Protecting access to sensitive data and systems is important for any organization. For the Department of Defense, it's essential. Additionally, growing data volumes and complex information-sharing technologies compound both the challenge and the imperative of keeping sensitive and critical information secure.
This reality led DoD leadership to undertake a significant initiative to prioritize an ICAM capability that would deliver services at the speed of the mission and with even greater connectivity, and that could also keep pace with the complex and intense advance of our cybersecurity adversaries.
In response, GDIT built a DoD-wide ICAM capability that tracks user identities across networks and ensures access is limited to only those who can verify that they need it. The GDIT solution offers advanced, enterprise-wide user authentication capabilities both in the cloud and at the edge, while also serving as one of the foundational components in a zero trust strategy.
The GDIT ICAM solution harmonizes data points from multiple sources to bring meaning and confidence to user identity. It builds on the existing DoD security architecture to manage traditional role-based access control (RBAC) while anticipating continued evolution in artificial intelligence and analytics to help the DoD migrate toward a risk adaptive access control (RAdAC) approach. The solution is enhanced with a self-service, push-button deployment experience that streamlines complexities and makes a bigger impact, faster.

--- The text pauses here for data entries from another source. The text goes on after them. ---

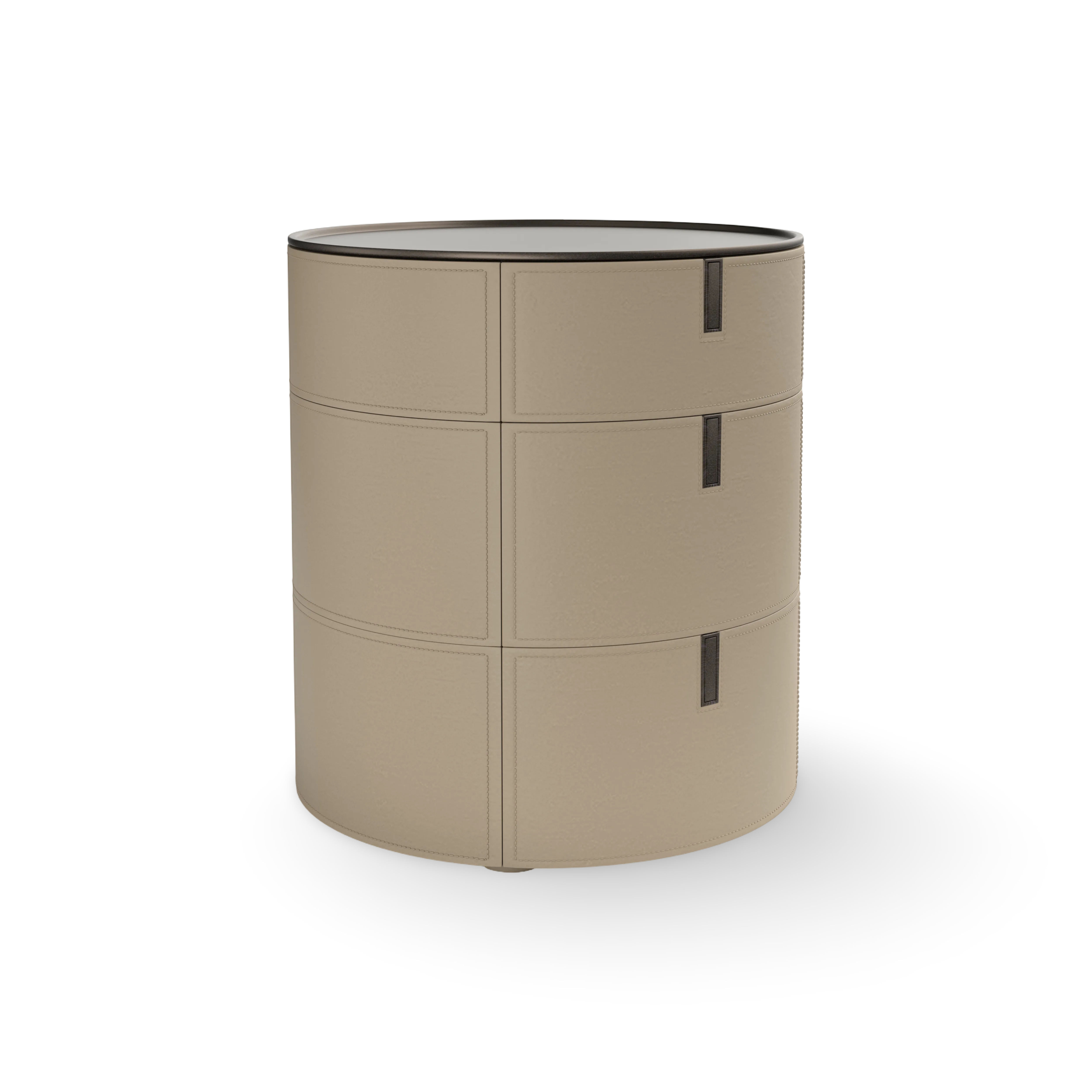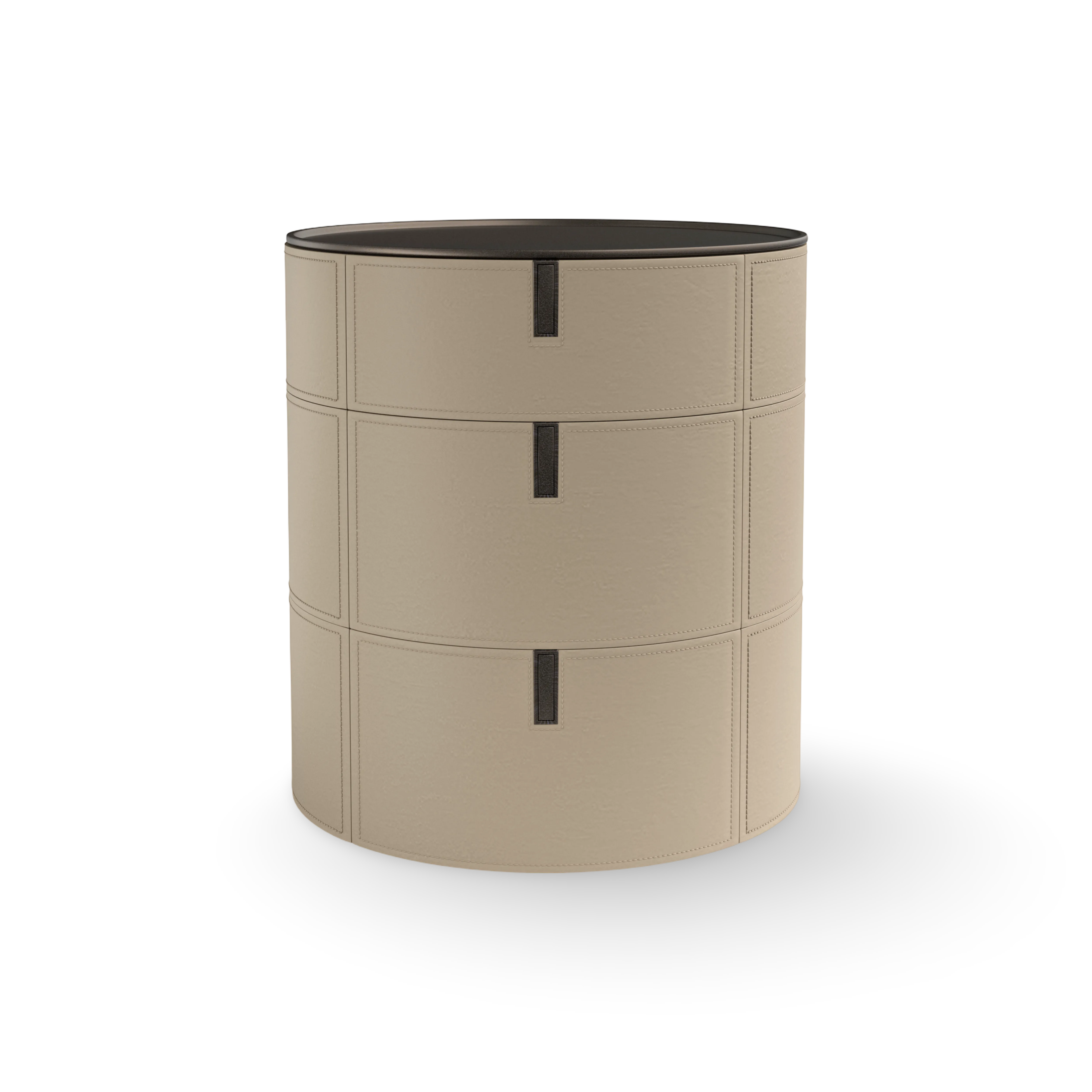 16. Round SRO2 Chest Of Drawer - Hide (Off White)/Titanium Steel AED 43,490
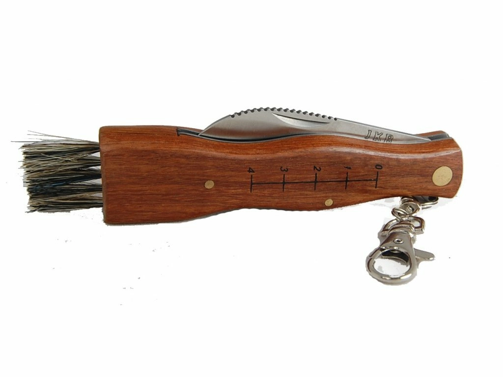 Practical mushroom knife JOKER with a 7 cm stainless steel blade has an ideal shape for cleaning mushrooms. It offers a wooden handle with carabiner, a scale for approximate measuring, and a brush for cleaning mushrooms. The package includes a nylon sheath for safe carry in the field.
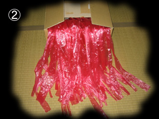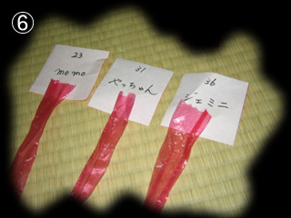 | 参加者53名の名前のついたひも作成! | 箱に入れて引っ張ってもらうことに・・ |
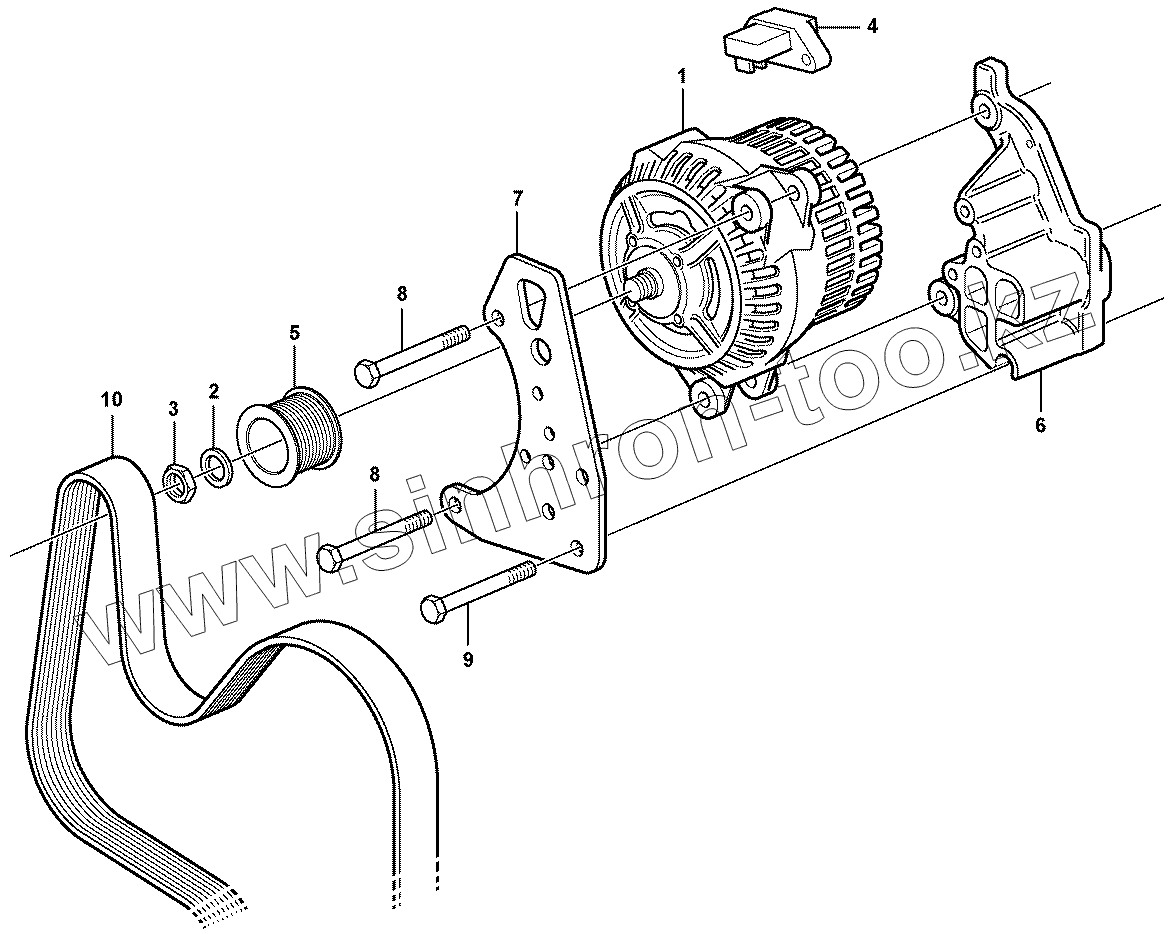 Каталог запасных частей к технике: Volvo BL71. Alternator with assembling details
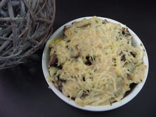 700 g de pâtes cuites (ici spaghettis) 220 g de st Moret (ici allégé) 4 poivrons cornes rouges et verts 170 g de tomme (ici allégée) 5 œufs Chauffer le four à 240°.
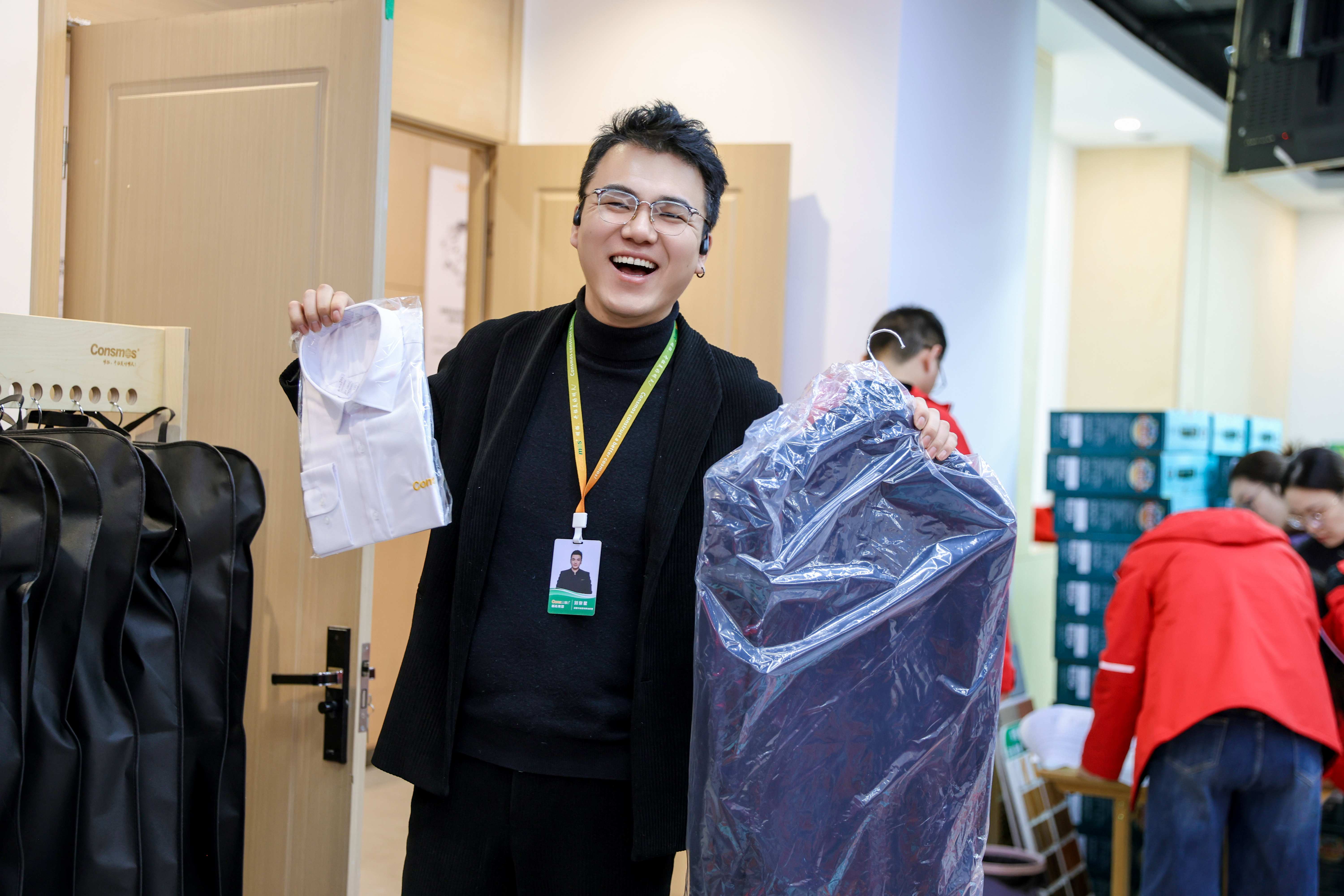 发放现场秩序井然、暖意融融。集团大会议室内,定制西装与春节福利礼盒整齐排列,精致的包装衬着新春喜气格外亮眼。各部门员工有序列队领取,不少人领到西装后当场试穿,互相欣赏夸赞,接过礼品的瞬间,脸上洋溢着真切的喜悦与自豪。
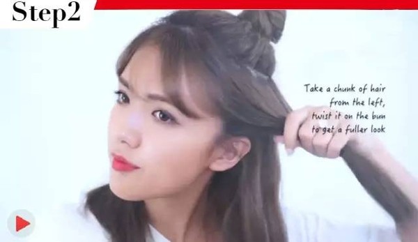 然后,抓起左边的头发,绕到小纠上,让丸子看起来更圆,右边也重复同样的动作!
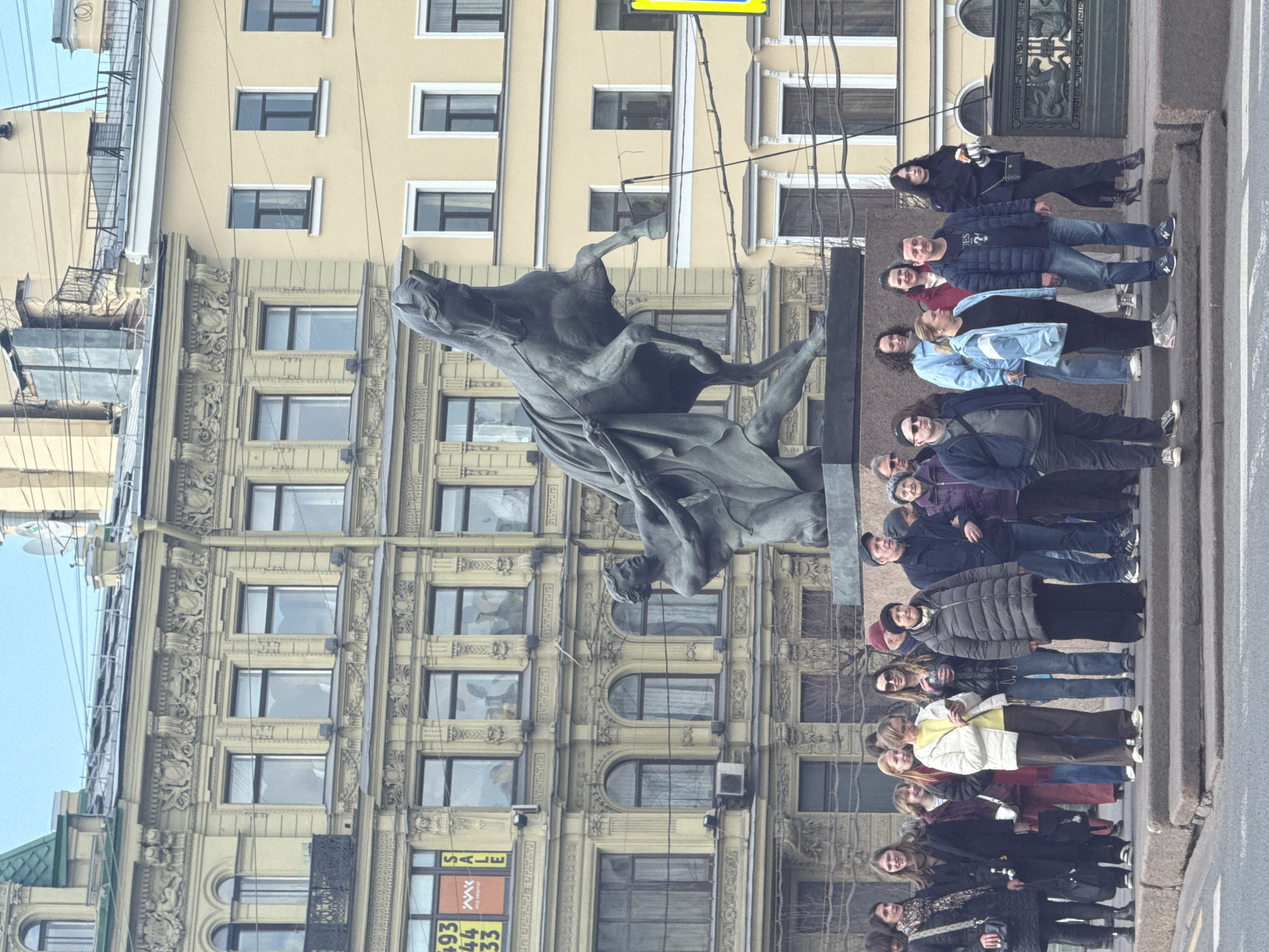 The image captures an urban scene in Saint Petersburg, Russia, focusing on one of the "Horse Tamers" sculptures on the Anichkov Bridge
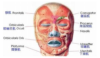 現在醫學界對於皺紋的成因及治療早已有長足的進步。皮膚老化時,皮膚的表皮層及真皮層會變薄,皮膚的含水量會降低,因此皮膚會慢慢失去彈性,首先出現的是皮膚細紋,這是第一期。慢慢地皮膚變薄之後加上表情肌肉的過度收縮,造成魚尾紋不笑的時候不會有,笑的時候很明顯。又例如皺眉頭時,眉間紋很明顯;抬頭時,抬頭紋很明顯,醫學上稱之為「動態皺紋」。也就是說,有表情時才會有的皺紋,此為第二期。下圖是表情肌的解剖圖。
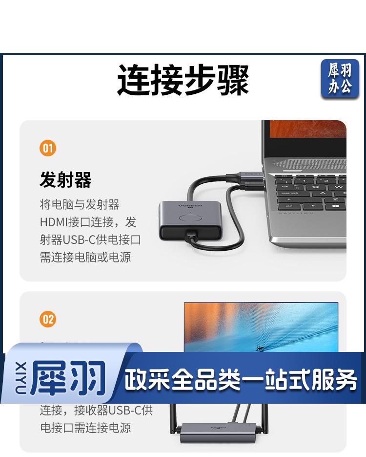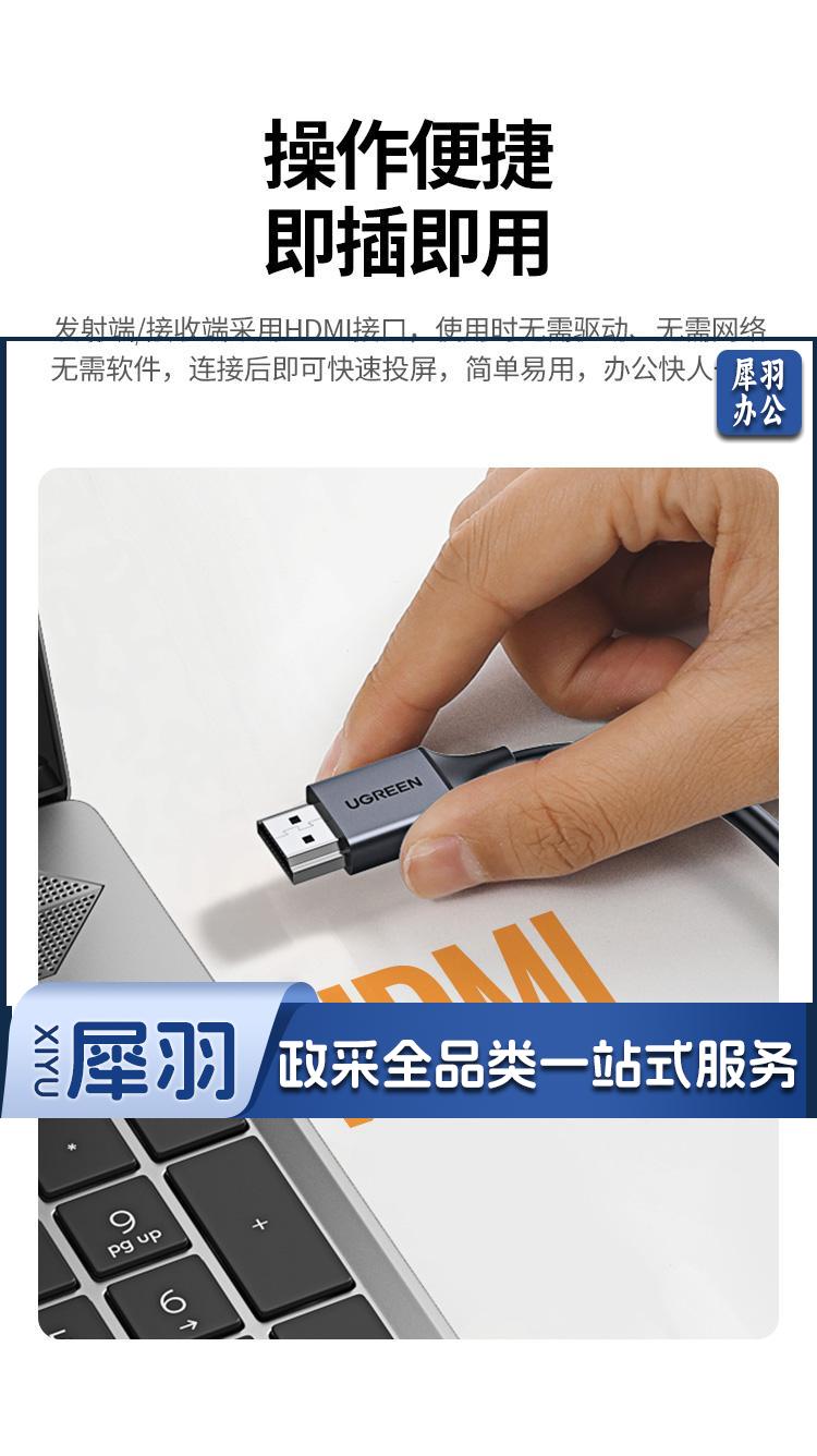 绿联 HDMI无线投屏器 适用电脑连接电视显示器投影仪 50米传输器 50633

GDIT assembled a team of “non-traditional” business partners to help develop the solution. Each is a leader in a niche-market space. This approach allowed us to identify highly specialized partners who could quickly collaborate with us and expertly deliver the latest cloud security capabilities within our solution.
GDIT’s ICAM solution was built with today’s DoD environments in mind – environments that extend from the enterprise cloud to the tactical edge. Its core components include an Identity Provider (IdP), which centralizes authentication; Automated Account Provisioning (AAP), which enables automated workflows for account requests and renewals; and a Master User Account (MUR), which provides enterprise-level aggregations and audits of access rights. Together, these elements provide an ICAM solution that is both innovative and secure.
Our teams are also already working on enhancing our unique enterprise ICAM capabilities. One of these enhancements is Attribute Based Access Control (ABAC), which is essentially a dynamic authorization strategy. Think of it as a series of doors, each with a lock. To get in, a user must have the key to each door and must be aligned with governance or policy before the user can “open” the door and access the data behind it. Another enhancement is Privileged Access Management (PAM) which safeguards identities with elevated or privileged access beyond standard users.
With our ICAM solution, the DoD can have a single set of credentials across the enterprise, but the local services or agencies can still set access permissions and policies based on local needs. It gives them the reach-back security of the enterprise, with the flexibility of the edge.
Importantly, the GDIT ICAM solution works hand-in-glove with zero trust principles. It helps DoD customers build their zero trust foundations, and in some cases further them, by supporting advanced concepts of ABAC and RAdAC policy enforcement for users, devices, and services. The solution is federated across enterprise, with a single, individual identity that can be used across the enterprise to validate the user and what resources and applications they have access to.
Additionally, because it allows for automation and creates a federated network to break down silos, ICAM can also enable Joint All-Demand Command and Control (JADC2) by providing a single, integrated tactical network and a common data fabric that will underpin a zero trust architecture. ICAM enables that federation so customers can, with zero trust, appropriately access that fabric and support JADC2.
After delivering our initial ICAM solution to the DoD, we are currently expanding to support all DoD systems which serve more than 5 million users with unique identities. Additionally, our Edge ICAM solution extends the DoD’s enterprise capability to support unique requirements with advances in cloud technology Outside the Continental United States (OCONUS) and for denied, disconnected, intermittent, and limited-bandwidth (D-DIL) environments as well. This will enable users to quickly establish ICAM capabilities that can be shipped to a base or forward operating location – pre-built and configured – giving customers immediate access to ICAM service capabilities in contested environments.
We look forward to continuing to support the DoD’s unique security and access management needs as a critical mission partner. Bolstering the agency’s ICAM capabilities is a top DoD priority, and we stand ready to consistently raise the bar and deliver on our charge.